A German cargo ship became the center of the investigation on the Southern California oil spill, with an angle that its anchor might have torn the pipeline, as it moved north and anchored at the Port of Oakland after the incident.
The Los Angeles Times and Associated Press, citing federal officials, said that the Hapag-Lloyd-owned cargo ship was a Rotterdam Express. On Tuesday, the vessel moved up from the Port of Long Beach and anchored on Wednesday morning in the San Francisco Bay. The ship was seen to be the closest one to the spill on Friday, satellite imagery revealed.
But the ship’s owner defended that the Rotterdam Express did not travel over the pipeline or maneuvered from its anchorage.
The investigation particularly looks into the possibility that the vessel’s anchor might have caused the pierce on the pipeline, federal officials said. The video of the pipe’s tear was released by officials, showing what divers and robot submarines captured: the displacement of a 4,000-foot section of the 17.7 mile-long pipeline by up to 105 feet. The cut, meanwhile, measures 13 inches.
“That is one of the things we are looking into at this point as a possible cause,” according to Steve Strohmaier, Coast Guard spokesman. “We are looking at what vessels were in that area.”
At least 126, 000 gallons of heavy crude was spilled into the ocean waters of Huntington Beach. The report first came on Friday.

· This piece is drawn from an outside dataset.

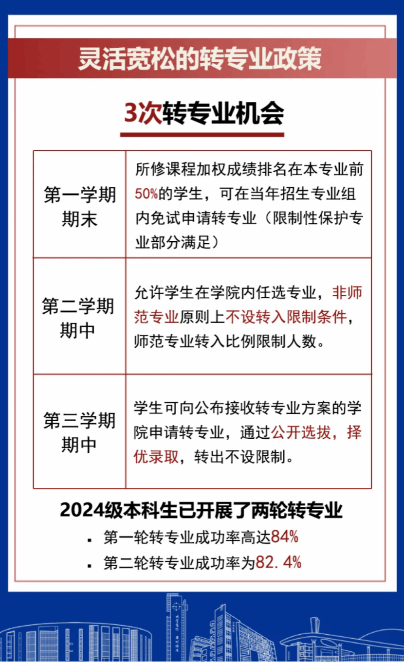 今年,学校持续施行灵活宽松的转专业政策,期望学生更加理性、全面地规划自己的未来。

In a statement to The Chronicle, Hapag-Lloyd spokesman Nils Haupt defended that the Rotterdam Express was anchored last Sept. 21 at SF-3 anchorage. Haupt said it followed the direction of the San Pedro marine traffic controllers. It lifted its anchor a couple of days after the spill, or on Oct. 3.
“The anchor was dropped exactly as requested and confirmed by San Pedro Traffic,” he said. “During the period in question the vessel has not moved from anchorage and has not passed over the pipeline. During anchorage no oil in the water has been spotted.”
Haupt said the company was “fully cooperating” with authorities and the ship had already left for Mexico on Thursday morning after it was granted by the Coast Guard to leave Oakland.